Full text loading...
-
Research on MapReduce Heuristic Multi Table Join Algorithm Based on Binary Optimization and Pancake Parallel Strategy
- Source: Recent Patents on Engineering, Volume 17, Issue 6, Nov 2023, p. 49 - 62
-
- 01 Nov 2023
Abstract
Background: With the development of technology, the data amount has increased significantly. In data processing, the multi table query is the most frequent operation.
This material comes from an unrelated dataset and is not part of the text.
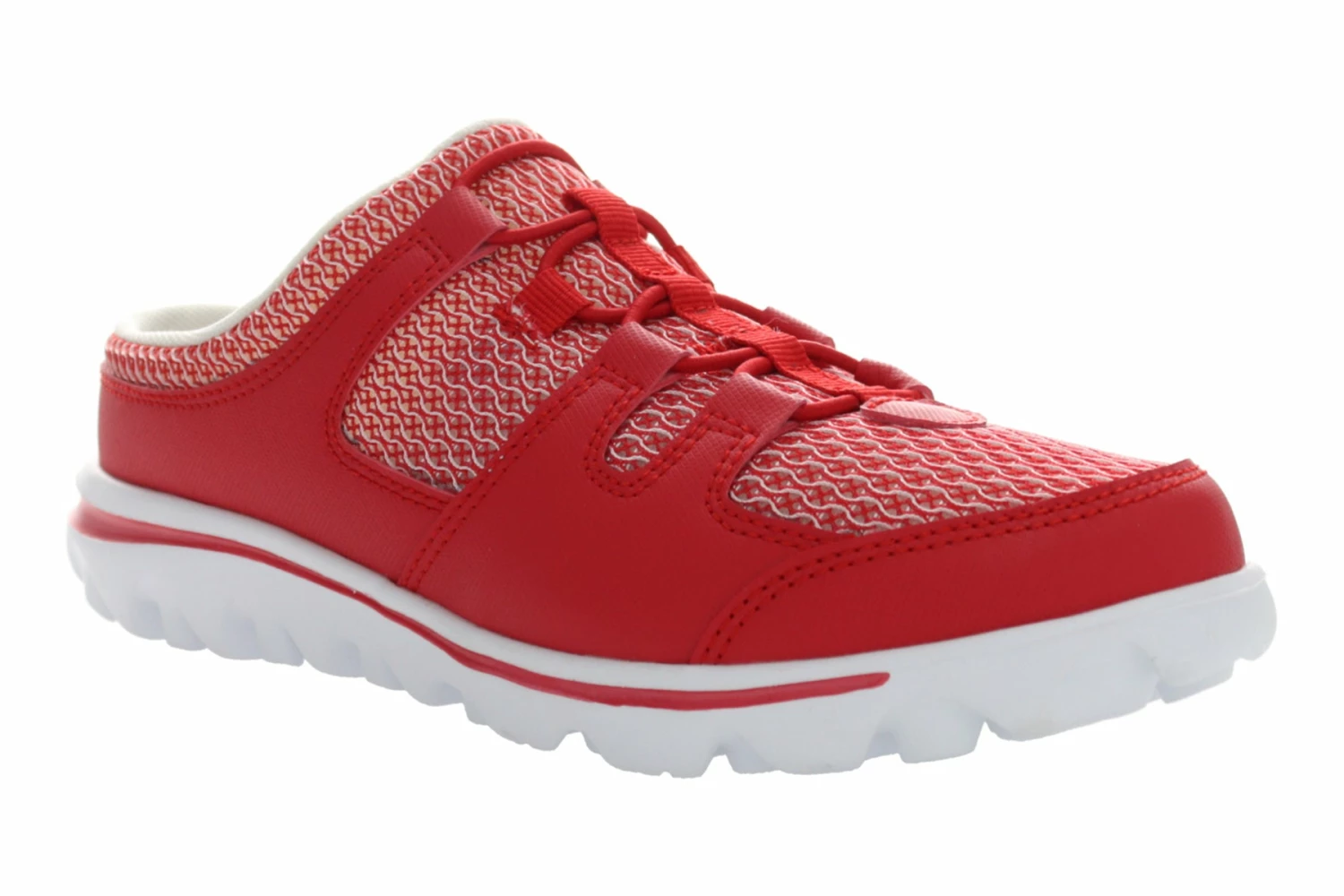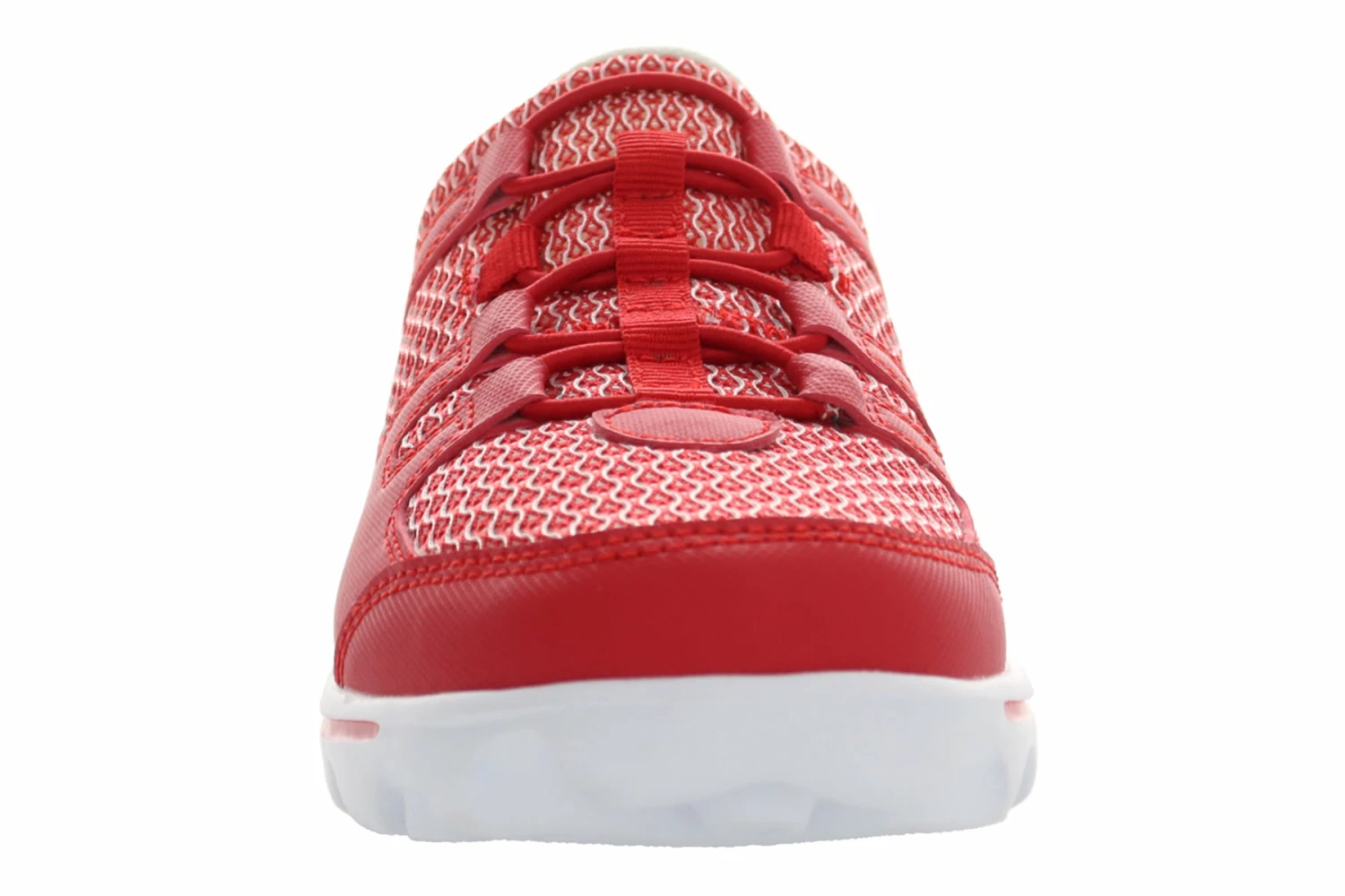 Enjoy lightweight comfort and sporty style in the women’s Propet TravelActiv Slide. The mesh upper and lining offer moisture-wicking, breathable comfort. The removable EVA footbed accommodates custom orthotics, while the EVA outsole provides traction and durability.

Because the join keys cannot correspond one by one, there will be much redundant data transmission, resulting in a waste of network bandwidth. Objective: In order to solve the problems of network overhead and low efficiency, this paper proposes a heuristic multi table join optimization method. By sharing information, the unconnected tuples are eliminated so as to reduce the amount of data transmitting. This shortens response time and improves execution performance. Methods: Firstly, the join key information of one table is compressed by the algorithm to make the filtered information for sharing. Then, the concurrent execution is controlled according to the pancake parallel strategy. Finally, the selection strategy of multi table join order is proposed. Results/Discussion: The experiments show that the proposed algorithm can filter a large amount of useless data and improve query efficiency. At the same time, the proposed algorithm reduces a lot of network overhead, improves the algorithm performance, and better solves the problem of low efficiency of multi table join. Conclusion: This paper introduces the heuristic strategy to optimize the algorithm, so that it can perform the join tasks in parallel, which further improves the performance of multi table join. The algorithm creatively combines heuristic data filtering, which greatly improves the quality of data processing. The algorithm is worth popularizing and applying.